This is a topic I know less than nothing about: Japanese Farm Food. So, why am I writing about it? Well, Andrews McMeel sends me cookbooks (not a surprise to regular readers). Sometimes they are smallish, targeted ones. And sometimes they are wonderfully lush books. This is one of the latter. So: I have read lots of it. And, I initially thought I would pass it along to someone who knows -- and likely cares -- more about Japanese food. But now I am not sure.
But I can say this: from the cover -- with a beautifully spare bittersweet picture to the foreword by Patricia Wells to the author's commitment (Nancy Singleton Hachisu), this is a wonderful book. The photographs, as is often though not always the case with Andrews McMeel books, are especially worth exclaiming over in this case. (They were taken by Kenji Miura.) And the web presence is dandy: here is the related site called Japanese Farm Food. Nancy Singleton Hachisu is also connected, as the foreword by Wells hints, to the food movement internationally. She is a force in Japan's Slow Food Convivium (in this regard, see this piece) , but also as a person with significant links in San Francisco is linked to Alice Waters, has been off to Italy where the Slow Food movement has its "origin" and. . . . reflects in wonderful ways on being a westerner who lives and loves and has children and farms and cooks and . . . . in Japan, and in rural Japan at that.
Perhaps it is the rural focus that makes me think I might keep this book.
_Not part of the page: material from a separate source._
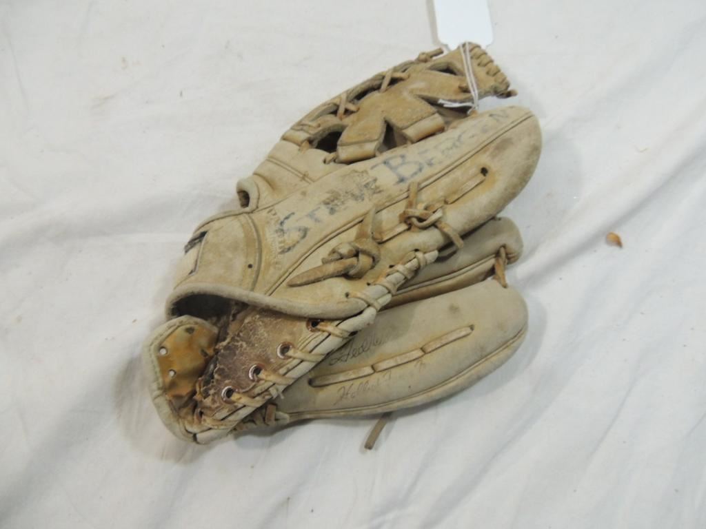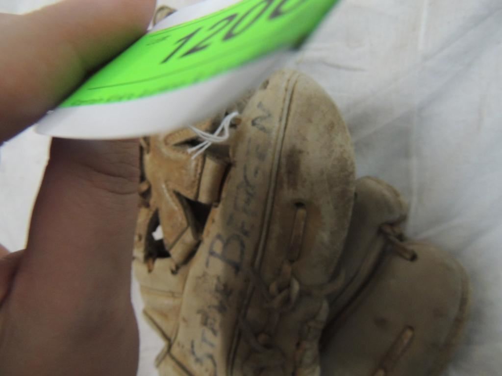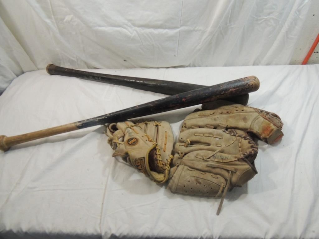 BASEBALL GLOVES, BASEBALL BATS, SPORTS EQUIPMENT, COLLECTIBLE SPORTS EQUIPMENT, VINTAGE BASEBALL EQUIPMENT AS SHOWN SEE PHOTO FOR MORE DETAILS.

I initially brought stereotypes to the table (as it were!) and assumed this would be way over my head. But, in some ways, it is just about vegetables and fish, cooked in a range of ways, with a range of particular seasonings that mean Japan (and/or Japanese rural food). I can do that, I said to myself, while reading -- if I can do X I can do Y. Who knew?
And, the delightful pictures teach you a bit about farming in Japan -- including not only rice farming but other aspects as well.
Among the things hidden in this book are fish patties, beef and onions with ginger, and a full page of explanation of artisanal charcoal. There are discussions of fish mongers and recipes for curry rice or fried rice of various sorts. It is do-able even if I never truly get what the various ingredients are in terms of seasoning. (For example, tehre is a brown sugar, and the directions say quite distinctly: DO NOT SUBSTITUTE AMERICAN BROWN SUGAR, it is not the same thing. Thank goodness, because of course I would have substituted.)